**Information shown:**
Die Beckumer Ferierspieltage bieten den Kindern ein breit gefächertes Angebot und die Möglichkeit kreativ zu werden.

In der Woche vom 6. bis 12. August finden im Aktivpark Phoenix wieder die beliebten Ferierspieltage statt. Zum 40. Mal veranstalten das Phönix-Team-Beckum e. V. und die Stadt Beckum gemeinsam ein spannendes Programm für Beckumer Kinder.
...
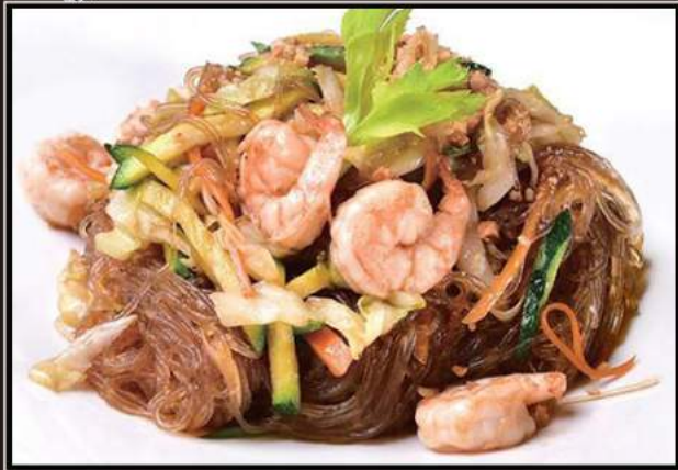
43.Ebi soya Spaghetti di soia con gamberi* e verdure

**Task brief:**
Among the records above, a stretch begins at the line containing "Die Beckumer Ferierspieltage" and ends at the line containing "In der Woche". Restate that stretch word for word, and nothing else.

**Output:**
Die Beckumer Ferierspieltage bieten den Kindern ein breit gefächertes Angebot und die Möglichkeit kreativ zu werden.

In der Woche vom 6. bis 12. August finden im Aktivpark Phoenix wieder die beliebten Ferierspieltage statt. Zum 40. Mal veranstalten das Phönix-Team-Beckum e. V. und die Stadt Beckum gemeinsam ein spannendes Programm für Beckumer Kinder.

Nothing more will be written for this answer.